FIG. 2 shows another embodiment of a charge coupled device according to the invention. In FIG. 2, the same numbers as in FIG. 1 indicate the same objects. The difference between the device according to the present invention shown in FIG. 2 and the conventional device shown in FIG. 1 is that in FIG. It is formed by This highly doped N-type region forms a large junction capacitance with the P-well directly below the output amplifier.
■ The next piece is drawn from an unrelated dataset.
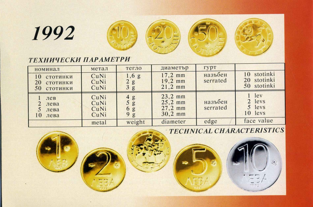 Болгария набор из 7 монет 1992 официальный набор банка Болгарии в оригинальном картонном буклете UNC 3-6-4-28

This junction capacitance, together with other parasitic capacitances and the finite resistance that exists between the P-well directly below the CCD and the P-well directly below the output amplifier, forms a high-pass rejection filter.
Therefore, noise components caused by fluctuations in the P-well potential immediately below the CCD due to induction of external pulses are blocked, and the P-well potential immediately below the output amplifier is stabilized. Therefore, an output amplifier with high S/N is realized. Moreover, the area does not need to be increased. In the embodiment shown in FIG. 2, a more effective device can be realized by separating the P-well directly below the CCD and the P-well immediately below the output amplifier by the substrate. Further, in FIG. 2, the N-type high concentration region is formed only directly below the output amplifier, but this high concentration region may also be formed directly below the P well directly below the CCD.

This is because the junction capacitance between the P-well directly under the CCD and the N-type substrate can be increased, and the potential of the P-well can be stabilized. Therefore, fluctuations in the P-well directly below the CCD are also reduced, resulting in lower noise.

As described above, according to the present invention, even a CCD formed on a P-well can realize an extremely low-noise device.

Furthermore, although all of the above explanations have been made in the case of an N-type substrate, the gist of the present invention can be similarly applied to a P-type substrate by reversing the conductivity type or voltage relationship of other impurities.

[Brief explanation of the drawing]

FIG. 1 is a sectional view of a conventional CCD, and FIG. 2 is a sectional view showing an embodiment of a CCD according to the present invention. In the figure, 1 is a semiconductor substrate having one conductivity type, 2 is a semiconductor region formed on this substrate and has a conductivity type opposite to that of the semiconductor substrate, 3 is a floating diffusion layer, 4 is a reset drain, 5, 6, 7 is the drain of the output amplifier, an output diffusion layer, and a ground diffusion layer, 9 is a contact for setting the potential of the semiconductor region 2, 8 is this terminal, 10 to 15 are
CCD transfer electrodes, 20 to 25 are these terminals,
16 is the reset gate, 17 is the gate of the drive transistor of the output amplifier, 18 is the gate of the load transistor, 19 is the floating diffusion layer 3 and the gate 17
Wirings 26 to 31 connect the reset gate 1.
6, terminals of the reset drain 4, amplifier drain 5, output diffusion layer 6, gate 18, and ground diffusion layer 7. Reference numeral 60 denotes a semiconductor region containing high concentration impurities and having the same conductivity type as the semiconductor substrate.

Claims (1)

[Claims] 1. A charge-coupled device formed on a semiconductor substrate having one conductivity type, formed on a semiconductor region of the opposite conductivity type to the semiconductor substrate, and comprising a charge transfer path section, a charge detection section, and an output amplifier, wherein the output amplifier is A charge-coupled device characterized in that at least a part of the semiconductor substrate immediately below the formed semiconductor region is formed with a semiconductor region having the same conductivity type as the semiconductor substrate and having a higher concentration of impurities.